From the Campagna to Cole’s Catskills - Art in Italy and America
Book Review of “America’s Rome” By William L. Vance
An Essay by Brian Keeler
If ever there was a more thorough book on the importance of Italy and the classics to American arts, it would be hard to find and we would be hard pressed to outdo this volume by William Vance. Although this book was first published in 1989 by Yale University Press, I just came upon it by mere serendipity at the Friends of The Library Book Sale here is Ithaca this fall. Such are the delights of the chance encounter with intellectually stimulating books. This is one of the benefits of living in a university town, where books of this kind are available. It was a steal too, as I got a bundle of other books on the classics and even some DVD’s all for under five bucks!
Well this book is right up my alley. I could also say it is a treasure trove of revelations, insights, new material, while profoundly threading together so many American painters, sculptors, and literary figures. These artists from our nation’s gestational period and early years, while America's creative forces were attempting artistic independence is the author's primary concern. But during this time these artists, and our statesmen too, were seeking connections to our classical heritage and lineage. This is to say they were looking to Italy, its land and light, but also to the rich history of figurative sculpture and literary sources too.
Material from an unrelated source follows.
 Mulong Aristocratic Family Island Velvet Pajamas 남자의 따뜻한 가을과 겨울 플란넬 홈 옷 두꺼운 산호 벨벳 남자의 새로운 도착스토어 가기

For myself, I have sought similar goals over many years and on many trips to Italy with the same delight and enthusiasm for artistic heritage and discovering anew the beauty of the landscapes and cities that were painted by so many Americans on their pilgrimages to the source, of course along with their European counterparts.
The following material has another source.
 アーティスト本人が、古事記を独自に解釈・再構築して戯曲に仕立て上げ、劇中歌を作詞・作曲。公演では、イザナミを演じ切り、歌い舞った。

This book has personal relevance also because I have made many canvases with themes inspired by the classics. Why? Well, I like the tradition and learning from examples of the great Renaissance artists. Working from models, or statuary in museums, or from the old masters paintings directly, these sources are intriguing to apply to contemporary settings and view with or modern lens. I have also painted in many of the same areas as the artists in this book have used as a muse.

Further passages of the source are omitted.